A Huge Scotch Distillery Just Hired These Adorable Detection Dogs for a Secret Project

Bran and Rocco are here to sniff out the bad barrels

Bran and Rocco, two detection dogs being used by a whisky maker in Scotland
Bran and Rocco, two detection dogs being used by a whisky maker in Scotland
B.W.Y. Canine

Meet Bran and Rocco. They are very good boys helping the Scotch industry.

These two cocker spaniels are being used to identify imperfections in whisky casks at the Grant’s Whisky distillery in the U.K.

Rocco (aka “Whisky Dog”) helps the distillery staff identify wooden casks which have imperfections; those casks are then set aside and not used by cooperage. The training took eight months, though exactly what the dogs are sniffing out is, unfortunately, confidential; supposedly, detection dogs have “never been trained to perform this very special task in the U.K. or Europe,” according to B.W.Y. Canine, a supplier of detection dogs. (Note: Bran trained alongside Rocco but the distillery only needed one dog; he will be used at other whisky distilleries.)
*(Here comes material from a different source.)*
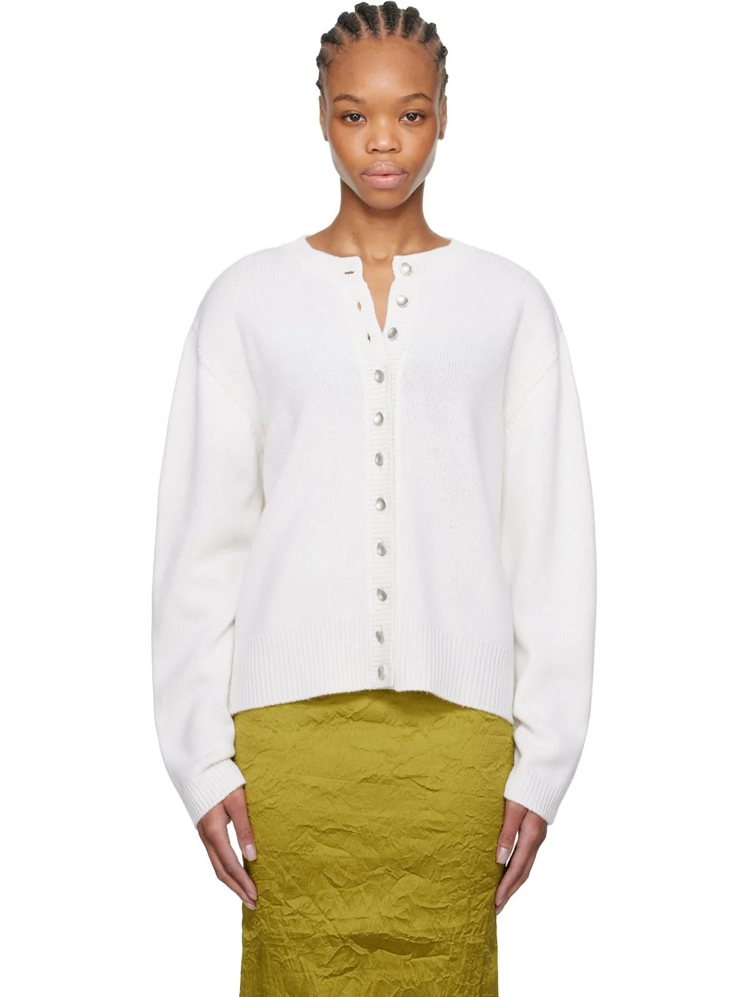 Knit cashmere cardigan. · Rib-knit crewneck, hem, and cuffs · Button closure · Silver-tone hardware Supplier color: Soft white 100% cashmere. Made in Mauritius 251933F095000

“There are no other dogs doing this in any other whisky distillery,” says the dogs’ trainer Stuart Phillips. “It hasn’t been an easy process and because no one has ever done this before, I’ve had no where to go to for advice, like I would when training other dogs for explosives, tobacco or drugs. For over eight months I’ve had to keep this whole project quiet, so it’s great that this is now in the news and people can hear about the worlds first whisky dogs which were trained in Pembrokeshire for a huge Scotch whisky maker.”

Grant’s is the third-largest Scotch whisky maker in the world. And their need for barrel integrity is apparent; their trademark is a Triple Wood 12, which matures in three different types of casks.